Even if the rules-based approach is quickly supplanted by machine learning, it forces you to make a few key decisions upfront.
- It makes the entire team align on a success metric. In order to measure the success of the rules-based model, you’ll have to make decisions such as defining the product north star, and whether precision or recall is more important. These decisions are integral to building an optimal solution, and are often difficult to make until an initial version is launched and user feedback is collected (Interview Tip: During an ML systems interview, always align on the success metrics with the interviewer before diving into solutions).
- It ensures you acquire resources early on. I’ve been a part of many ML projects where our team spends a few months building a model, only to be unable to get design and product engineering resources to integrate the model into the product. Starting with a rules-based approach ensures that the use-case really is a top priority for the team. If you define the correct interface with product engineering, then you can continue to iterate and push out model improvements on your own, long after the product engineers and designers have moved on to other projects.
How to Iterate
Sam Altman famously stated that the number one predictor of a startup’s success is their rate of iteration. For machine learning products, this means building a framework that allows for rapid experimentation. An experimentation framework allows for A/B tests to be run to see whether new versions of the model improve the success metrics. When launching a new version, always start by deploying it to a small percentage of the user-base, and slowly increase this percentage over time.
Create a Pipeline
If the rules-based approach has been deemed insufficient, and an experimentation framework is in place, only then should work on a machine learning pipeline begin.

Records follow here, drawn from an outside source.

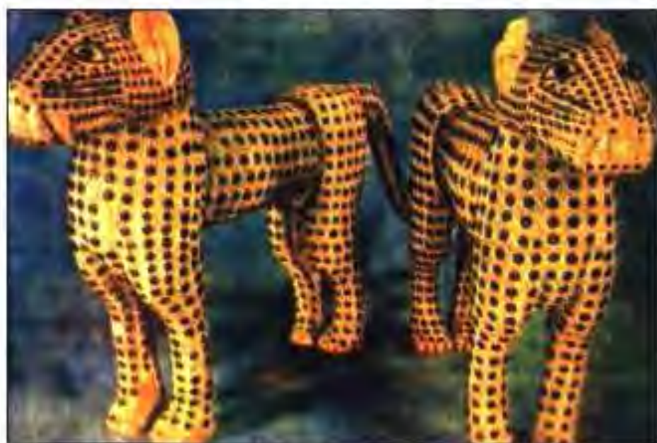
Рис. 232. Ҳайкатчаҳои ду паланг аз устухони оҷ. Бенин. Асри XVI.

асрҳои VIII-XV дар соҳилҳои Замбезӣ давлати Мономотала вучуд дошт, ки он аз номи ҳокими ин давлат ба миён омадааст. Шоҳҳои Мономотала бо давлатҳои соҳили Африқои Шарқӣ муносибатҳои тиҷоратӣ доштанд. Тоҷирони Мономотала аз ин қаламрав гузашта, ба давлатҳои Осиёи Ҷанубу Шарқӣ ва Чин рафта, доду гирифт мекарданд. Дар Мономотала истехсоли мис,
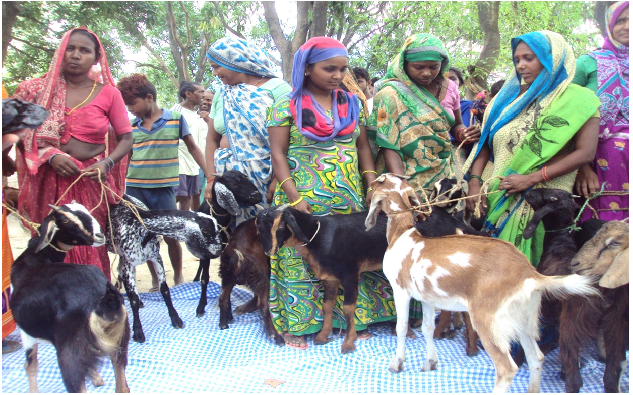
कृषकहरुलाई बाख्रा वितरण गरिदै ।
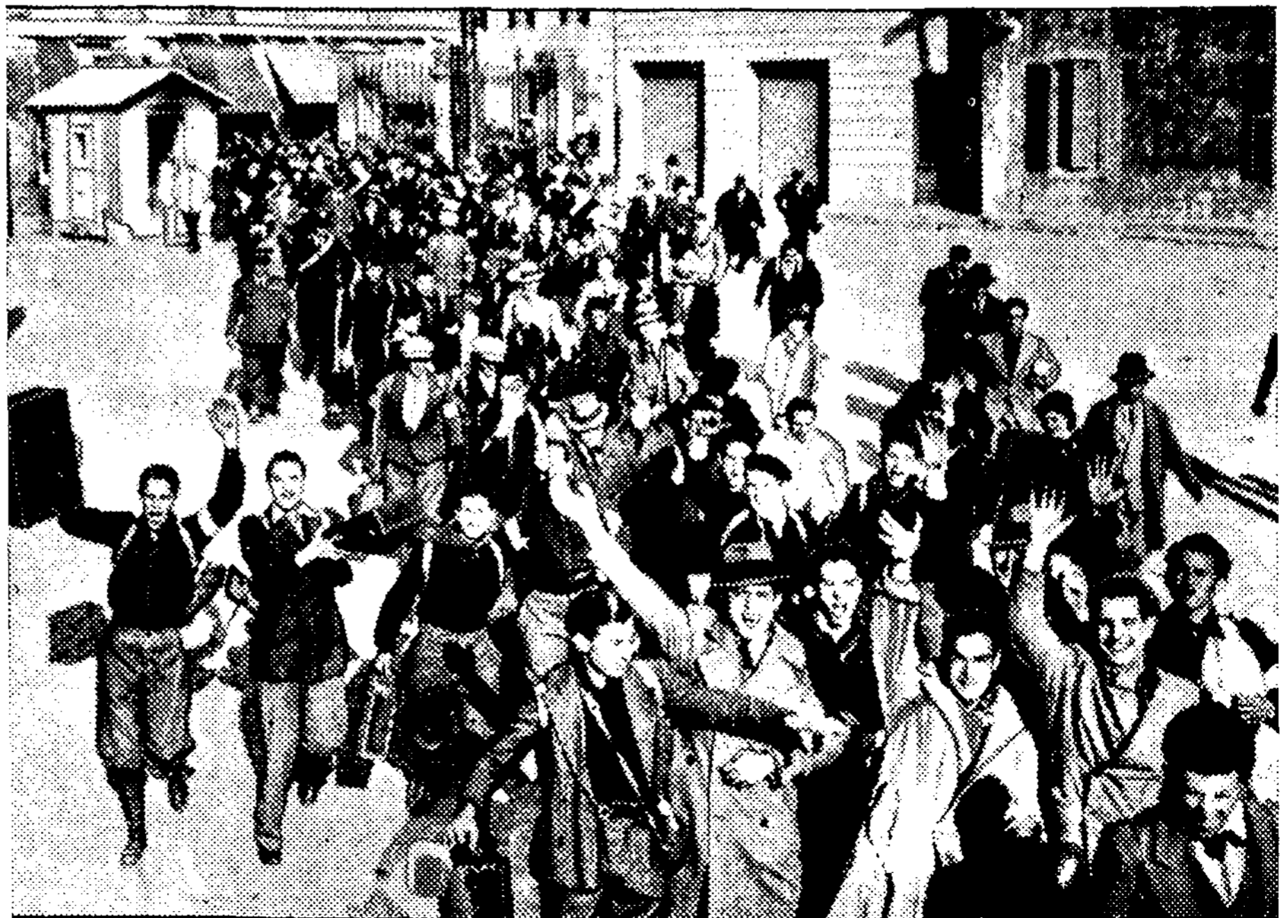
Italų naujokai linksmi stoja į savo kariuomenės eiles
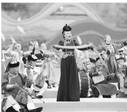
9月12日,第十一届全国少数民族传统体育运动会民族大联欢活动在郑州举行。本组图片均为演员在民族大联欢活动中表演。
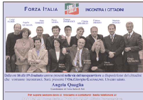
esempio di cartolina: 35.000 copie, in tutti i quartieri di Asti ( vedi originali)
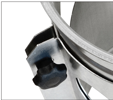
Système de fermeture avec boutons étoile.

There are four major components of an ML pipeline — feature extraction, training, serving, and monitoring. For complex use cases, each of these components may be broken down into multiple subcomponents. An example pipeline is shown below. Subsequent chapters of the playbook go through each of these components in greater detail.
- Feature Extraction: Load, validate, clean, and transform data into the format required for training
- Training: Train a model, perform hyperparameter tuning, and evaluate offline metrics
- Serving: Deploy an inference endpoint or perform batch inference
- Monitoring: Evaluate online metrics, detect errors, and trigger re-training
Additionally, an orchestration system is needed to manage dependencies between steps in the pipeline. Popular orchestration systems include Apache Airflow, Kubeflow, and MLflow.
Even though you’ve graduated from a rules-based approach to a machine learning model, the first model should still be simple. Use a small number of basic features, and choose a basic model. This allows you to confirm that ML is the correct approach. If the simple model is not able to beat the rules-based approach, then re-evaluate whether ML is the correct solution. If success metrics have been defined, an experimentation framework was created, and a pipeline has been built, then creating subsequent versions of more advanced models will be straightforward.